DATA SECTION:
BEGIN

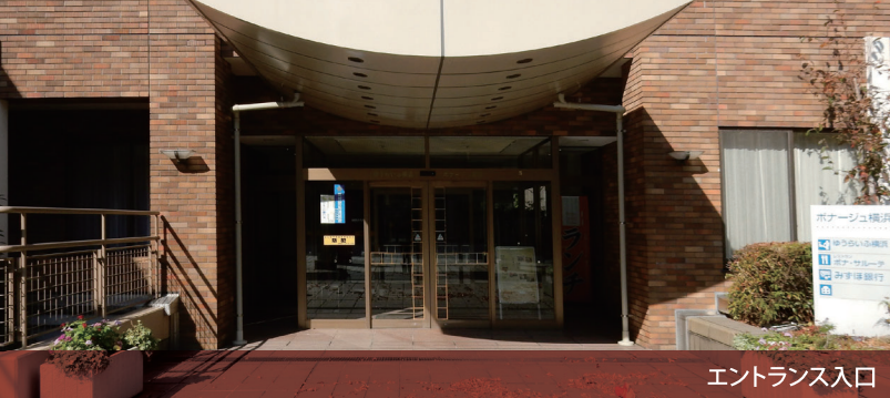
エントランス入口
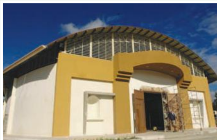
Centro de capacitación

El proyecto pretende realizar acciones que contribuyan a generar capacidades técnicas locales, desde una propuesta de educación para la vida, en los barrios; Ciudadela del Operador, Colinas Lojanas, Reinaldo Espinoza, Juan José Castillo, Chontacruz y Punzara Chico, en los dos años de ejecución del proyecto, se dará respuesta a un problema latente en la zona como es la escasa capacitación técnica.

END

WHAT YOU SHOULD DO: The response should hold only an exact repeat of the lines from the one with "Centro de capacitación" to the final line of the listing above.

ANSWER TO THE PROBLEM:
Centro de capacitación

El proyecto pretende realizar acciones que contribuyan a generar capacidades técnicas locales, desde una propuesta de educación para la vida, en los barrios; Ciudadela del Operador, Colinas Lojanas, Reinaldo Espinoza, Juan José Castillo, Chontacruz y Punzara Chico, en los dos años de ejecución del proyecto, se dará respuesta a un problema latente en la zona como es la escasa capacitación técnica.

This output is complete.